Nesse sentido, o sem abrigo, que caminha em direção ao mar, parece ter algo da natureza dos deuses, o que vem contrapor-se aos que se julgam como tal, e que pretendem evitar a todo o custo que o seu poder naufrague. Amputado de História, o sem abrigo, como uma espécie de náufrago ou anjo caído, vive a pequenez do seu dia a dia sobrevivendo, dormindo no umbral da livraria (acesso, porventura inacessível, ao conhecimento, questionando-se aqui o poder dos livros, que saem da cave da livraria para cercar a casa do "senhor doutor"), indiferente ao que se passa no seu país.
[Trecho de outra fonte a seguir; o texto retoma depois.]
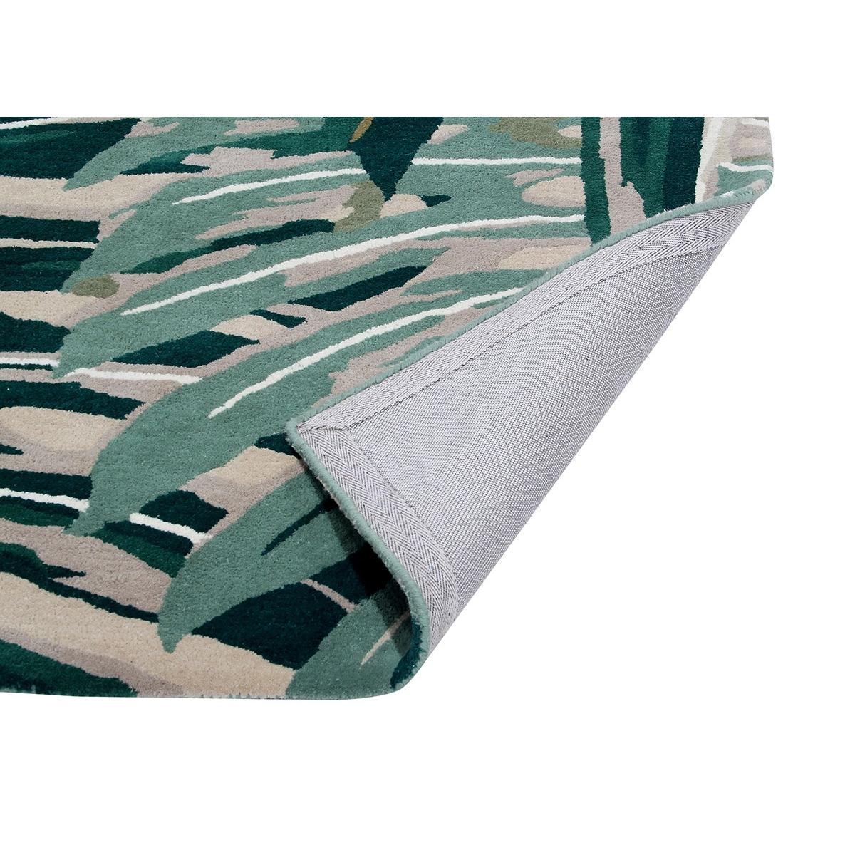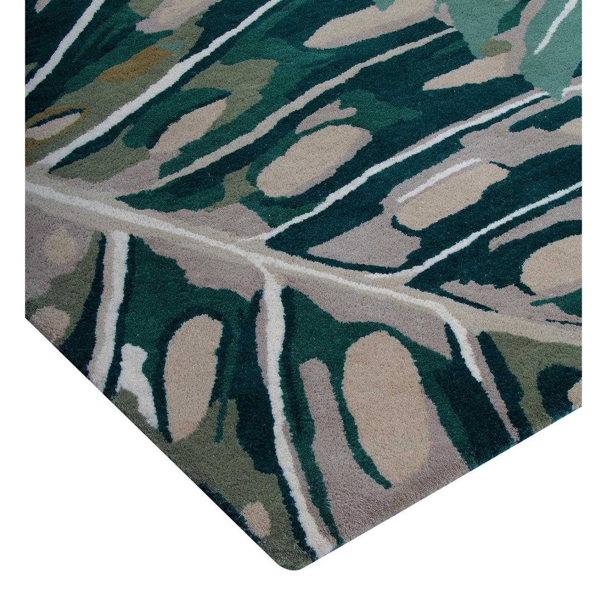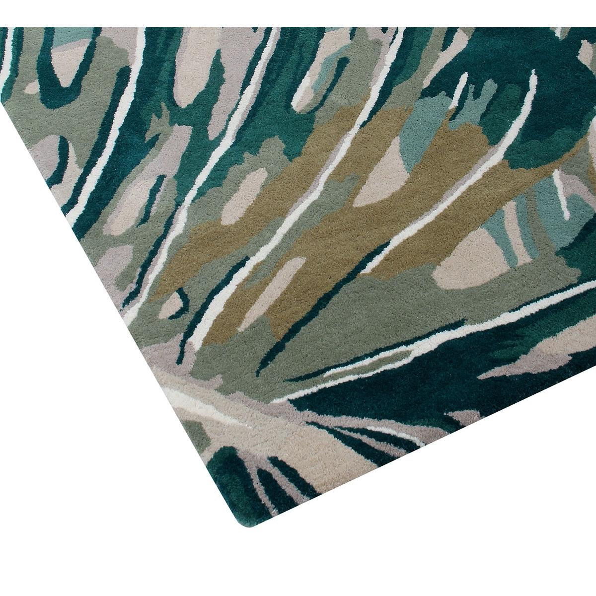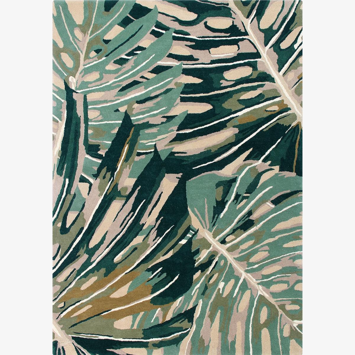 Tropical leaves overlap to create an abstract design in green hues on a neutral base. Hand Tufted 100% Wool. Wool rugs shed fibres during vacuum cleaning and everyday use; this is not a fault but a natural characteristic. Please use only suction type vacuum cleaner as rotating brush vacuum may damage the rug. Spills should be cleaned immediately to help avoid staining- use a clean white absorbent cloth to dab the spillage, avoid scrubbing and chemical cleaners. For deep cleaning use a professional carpet cleaning company- do not dry clean or tumble dry. If loose threads appear carefully trim them with scissors.

Ele será um palhaço pobre que viu transformada a utopia de navegar (a revolução do 25 de Abril) em sua própria distopia, e que considera a democracia com indiferença e desesperança, devido ao descrédito para com poder político, que se encontra submetido ao económico, cujo centro é uma casa "empoleirada" num "alto" (o novo Olimpo). 

Se nada muda neste país, António Lobo Antunes é um cicerone daquilo "que constantemente muda" (crónica "Adeus", in Visão, 18.10.2012): a natureza do romance como um caminho perceptível para resgatar o passado perdido e/ ou "roubado" e para, através dele, imaginar outra natureza para as coisas e para os sonhos. 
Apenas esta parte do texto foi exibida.